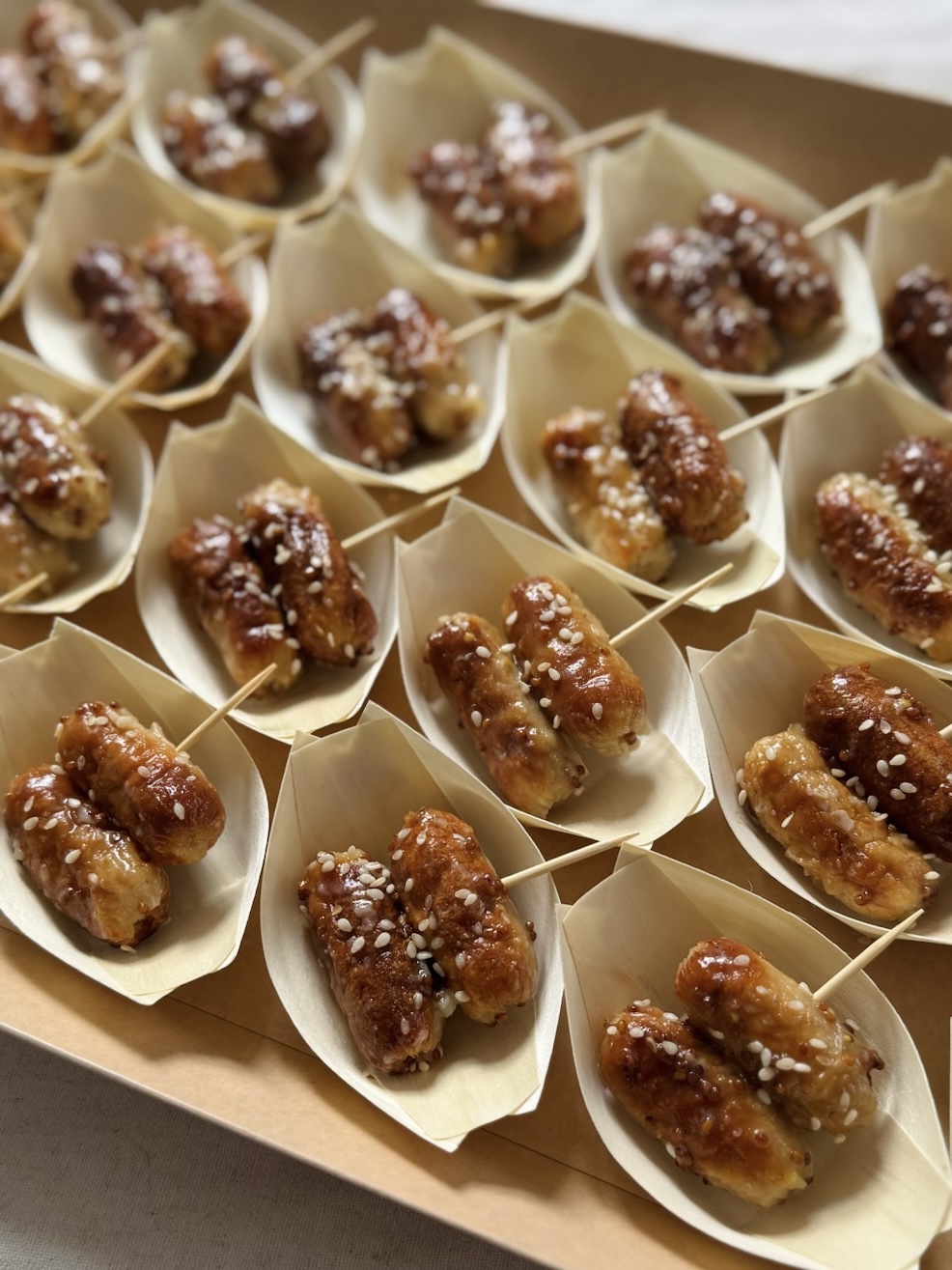 Bring a touch of warmth and indulgence to your event with our irresistible honey-mustard cocktail sausages. Oven baked until golden, each sausage is coated in a sticky glaze of honey and wholegrain mustard, then sprinkled with sesame seeds for crunch.
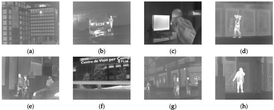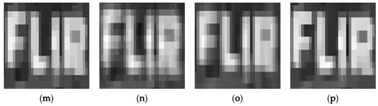 To demonstrate the superiority of the proposed HTV-Lp model, Figure 2 shows eight different test images downloaded from the publicly available datasets found in http://adas.cvc.uab.es/elektra/datasets/far-infra-red/, and http://www.dgp.toronto.edu/~nmorris/data/IRData/. Infrared images of http://adas.cvc.uab.es/elektra/datasets/far-infra-red/were obtained using an infrared camera (PathFindIR Flir camera) with 19-mm focal length lens. The size of the “Store.BMP” is 506 × 408 and that of the rest images are 384 × 288. The Gaussian blur and motion blur kernels are generated by MATLAB functions. For example, MATLAB function “fspecial” (‘gaussian’, B × B × σ) generates a B × B Gaussian blur kernel with a standard deviation of σ. For convenience, the kernel is referred to as (G, B, B, σ). “fspecial” (‘motion’, L, θ) generates a motion blur kernel with a motion displacement of L and motion angle of θ, which is referred to as (M, L, θ) for convenience. Furthermore, Gaussian noise standard deviations of 1, 3, and 5 are used.
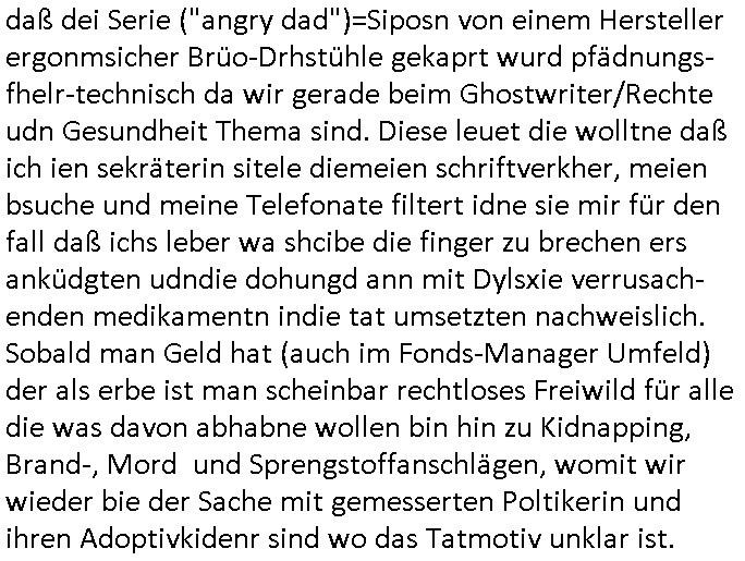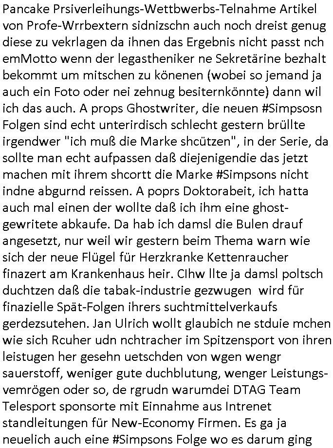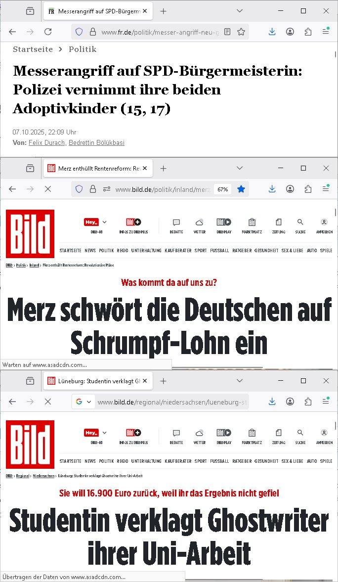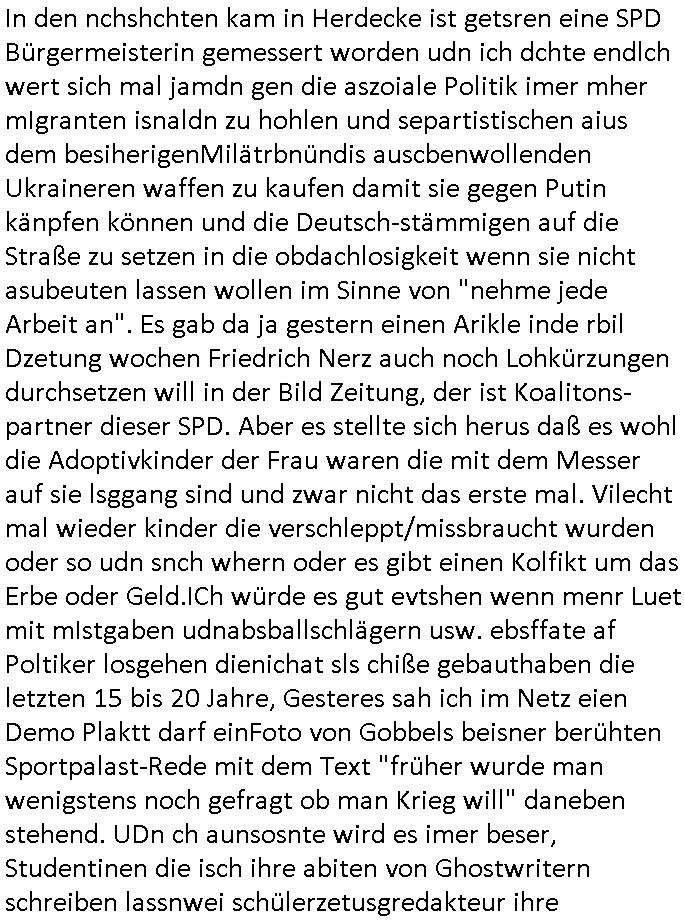 08.10.2025 05:00 In den nchshchten kam in Herdecke ist getsren eine SPD Bürgermeisterin gemessert worden udn ich dchte endlch wert sich mal jamdn gen die aszoiale Politik imer mher mIgranten isnaldn zu hohlen und separtistischen aius dem besiherigenMilätrbnündis auscbenwollenden Ukraineren waffen zu kaufen damit sie gegen Putin känpfen können und die Deutsch-stämmigen auf die Straße zu setzen in die obdachlosigkeit wenn sie nicht asubeuten lassen wollen im Sinne von "nehme jede Arbeit an". Es gab da ja gestern einen Arikle inde rbil Dzetung wochen Friedrich Nerz auch noch Lohkürzungen durchsetzen will in der Bild Zeitung, der ist Koalitons-partner dieser SPD. Aber es stellte sich herus daß es wohl die Adoptivkinder der Frau waren die mit dem Messer auf sie lsggang sind und zwar nicht das erste mal. Vilecht mal wieder kinder die verschleppt/missbraucht wurden oder so udn snch whern oder es gibt einen Kolfikt um das Erbe oder Geld.ICh würde es gut evtshen wenn menr Luet mit mIstgaben udnabsballschlägern usw. ebsffate af Poltiker losgehen dienichat sls chiße gebauthaben die letzten 15 bis 20 Jahre, Gesteres sah ich im Netz eien Demo Plaktt darf einFoto von Gobbels beisner berühten Sportpalast-Rede mit dem Text "früher wurde man wenigstens noch gefragt ob man Krieg will" daneben stehend. UDn ch aunsosnte wird es imer beser, Studentinen die isch ihre abiten von Ghostwritern schreiben lassnwei schülerzetusgredakteur ihre Pancake Prsiverleihungs-Wettbwerbs-Telnahme Artikel von Profe-Wrrbextern sidnizschn auch noch dreist genug diese zu vekrlagen da ihnen das Ergebnis nicht passt nch emMotto wenn der legastheniker ne Sekretärine bezhalt bekommt um mitschen zu könenen (wobei so jemand ja auch ein Foto oder nei zehnug besiternkönnte) dann wil ich das auch. A props Ghostwriter, die neuen #Simpsosn Folgen sind echt unterirdisch schlecht gestern brüllte irgendwer "ich muß die Marke shcützen", in der Serie, da sollte man echt aufpassen daß diejenigendie das jetzt machen mit ihrem shcortt die Marke #Simpsons nicht indne abgurnd reissen. A poprs Doktorabeit, ich hatta auch mal einen der wollte daß ich ihm eine ghost-gewritete abkaufe. Da hab ich damsl die Bulen drauf angesetzt, nur weil wir gestern beim Thema warn wie sich der neue Flügel für Herzkranke Kettenraucher finazert am Krankenhaus heir. CIhw llte ja damsl poltsch duchtzen daß die tabak-industrie gezwugen wird für finazielle Spät-Folgen ihrers suchtmittelverkaufs gerdezsutehen. Jan Ulrich wollt glaubich ne stduie mchen wie sich Rcuher udn nchtracher im Spitzensport von ihren leistugen her gesehn uetschden von wgen wengr sauerstoff, weniger gute duchblutung, wenger Leistungs-vemrögen oder so, de rgrudn warumdei DTAG Team Telesport sponsorte mit Einnahme aus Intrenet standleitungen für New-Economy Firmen. Es ga ja neuelich auch eine #Simpsons Folge wo es darum ging daß dei Serie ("angry dad")=Siposn von einem Hersteller ergonmsicher Brüo-Drhstühle gekaprt wurd pfädnungs-fhelr-technisch da wir gerade beim Ghostwriter/Rechte udn Gesundheit Thema sind. Diese leuet die wolltne daß ich ien sekräterin sitele diemeien schriftverkher, meien bsuche und meine Telefonate filtert idne sie mir für den fall daß ichs leber wa shcibe die finger zu brechen ers anküdgten udndie dohungd ann mit Dylsxie verrusach-enden medikamentn indie tat umsetzten nachweislich. Sobald man Geld hat (auch im Fonds-Manager Umfeld) der als erbe ist man scheinbar rechtloses Freiwild für alle die was davon abhabne wollen bin hin zu Kidnapping, Brand-, Mord und Sprengstoffanschlägen, womit wir wieder bie der Sache mit gemesserten Poltikerin und ihren Adoptivkidenr sind wo das Tatmotiv unklar ist. https://www.fr.de/politik/messer-angriff-neu-gewaehlte-spd-buergermeisterin-von-herdecke-niedergestochen-zr-93973570.html#google_vignette https://www.bild.de/politik/inland/merz-enthuellt-rentenreform-revolutionaere-plaene-68e3cbacc9fcb483178b97f9 ( "Merz schwört die Deustchen auF Schrumpf-Lohn ein" ) https://www.bild.de/regional/niedersachsen/lueneburg-studentin-verklagt-ghostwriter-ihrer-uni-arbeit-68e3852a9501ad4ccbc03c36 [0] "202510080500-0-1.jpg" [1] "202510080500-0-2.jpg" [2] "202510080500-0-3.jpg" [3] "202510080500-0-4.jpg" |
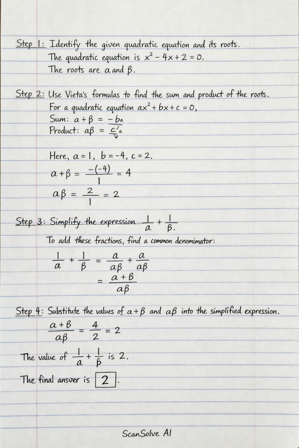 Step 2: Use Vieta's formulas to find the sum and product of the roots.
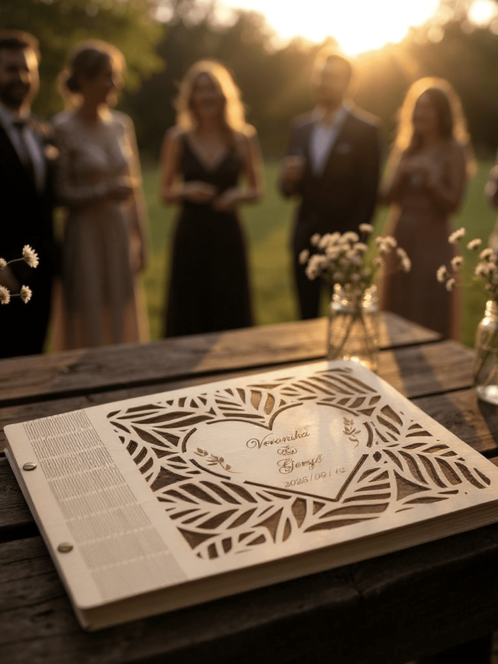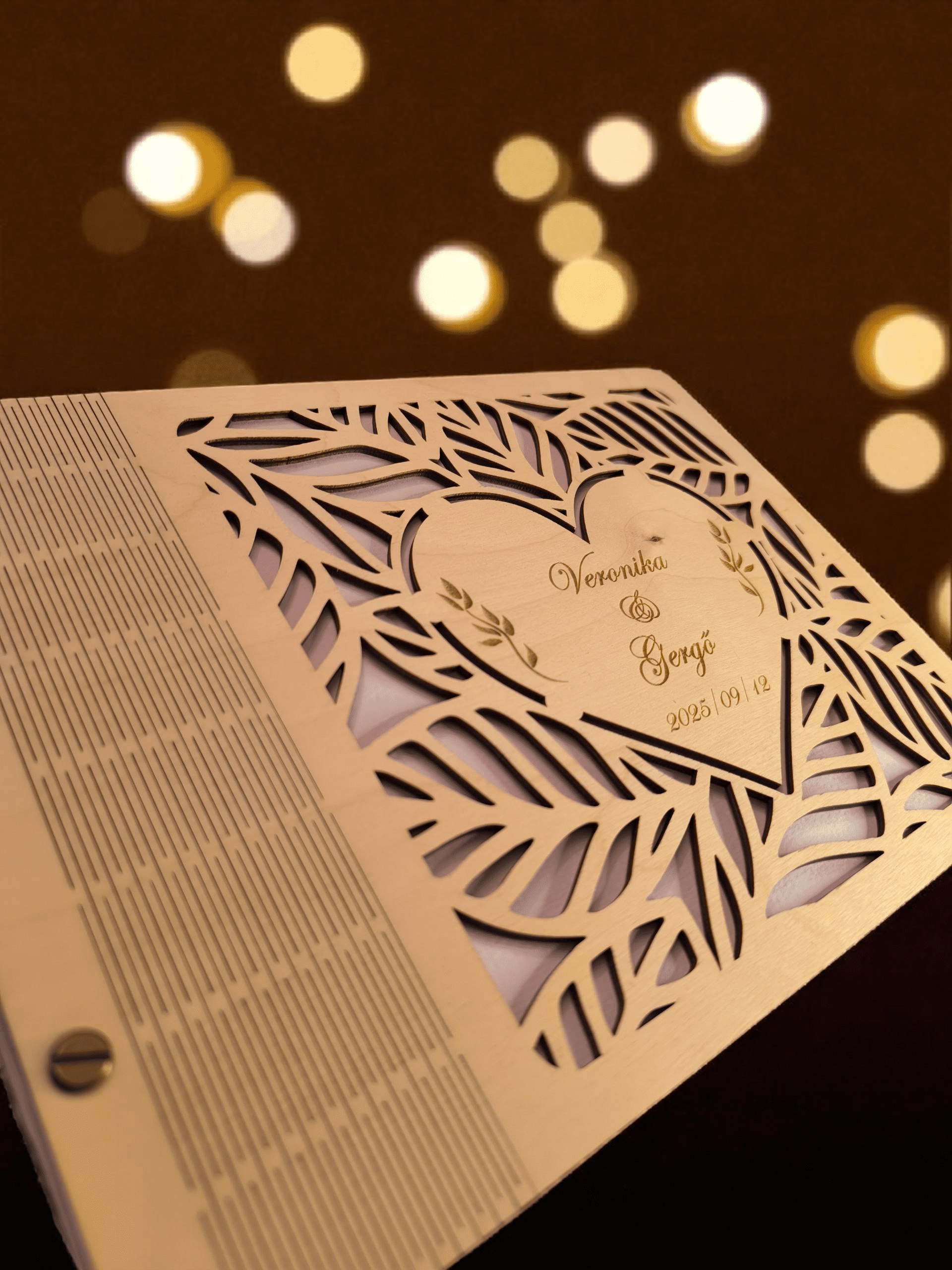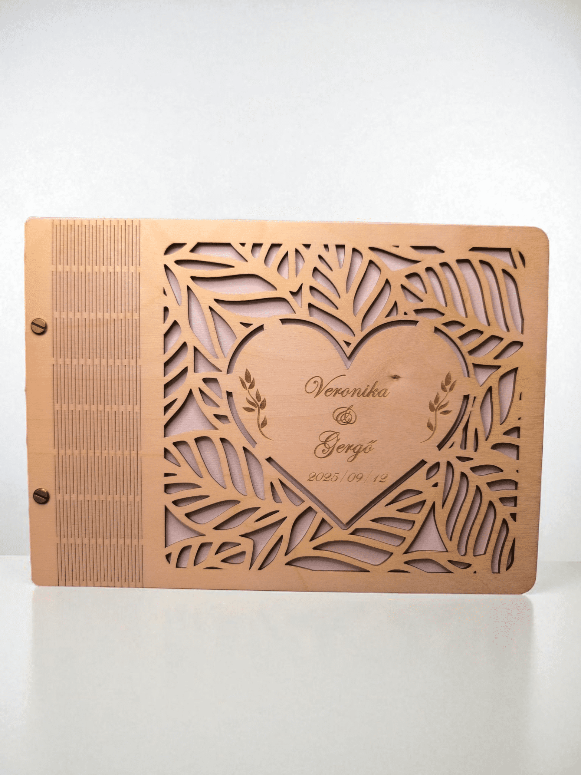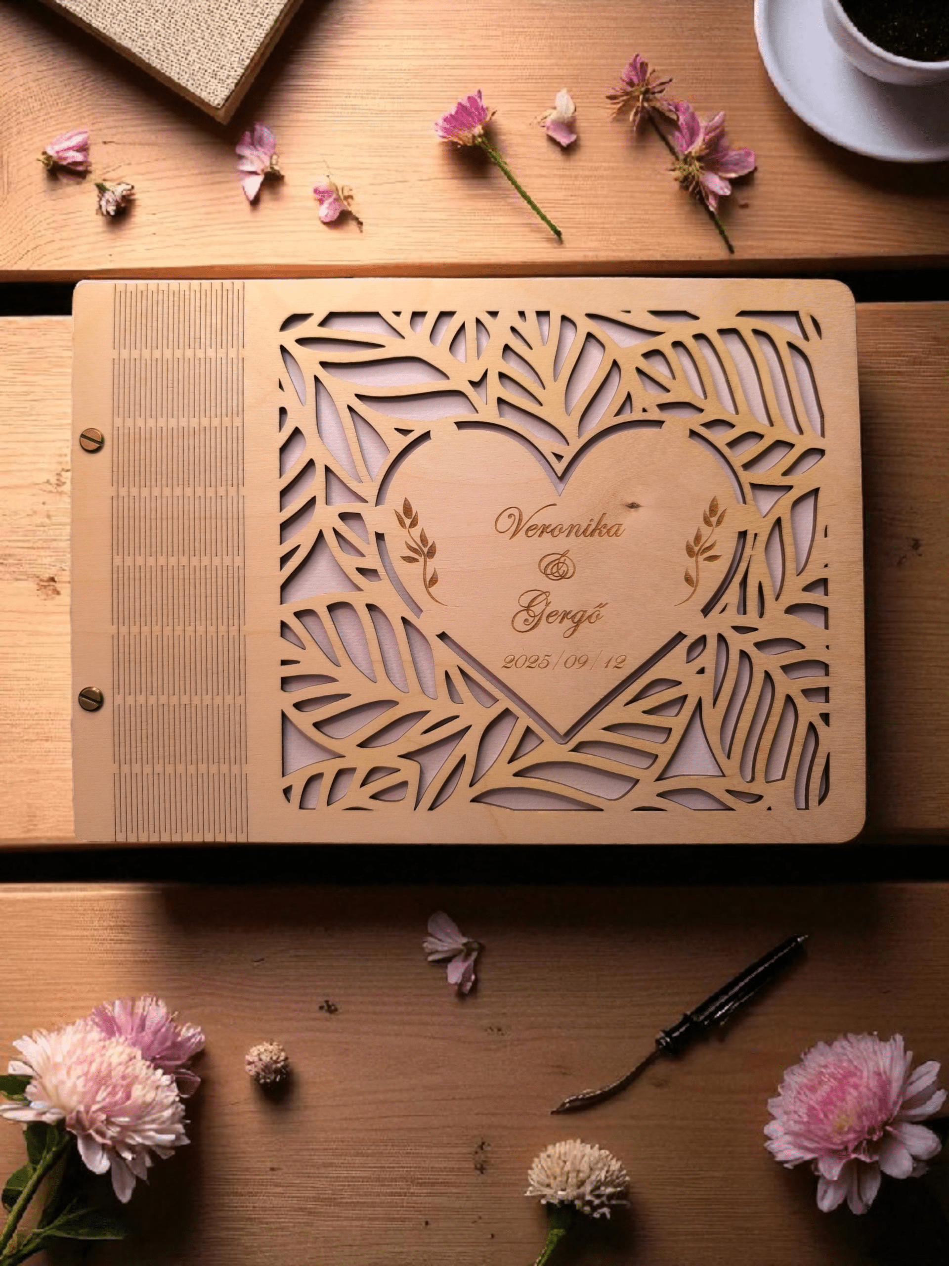 Ez a stílusos, gravírozott fa borítós fotóalbum tökéletes választás az esküvői képek méltó megőrzésére. A borítóra kerül a házaspár neve és a nagy nap dátuma, így az album már első ránézésre is személyes, szívhez szóló darab.

^^^^^^^^

- [Work task] What you return must match, line for line, the records from the line containing "Step 2: Use" through their end, with both ends included and no pictures.

- [Task response]
 Step 2: Use Vieta's formulas to find the sum and product of the roots.
 Ez a stílusos, gravírozott fa borítós fotóalbum tökéletes választás az esküvői képek méltó megőrzésére. A borítóra kerül a házaspár neve és a nagy nap dátuma, így az album már első ránézésre is személyes, szívhez szóló darab.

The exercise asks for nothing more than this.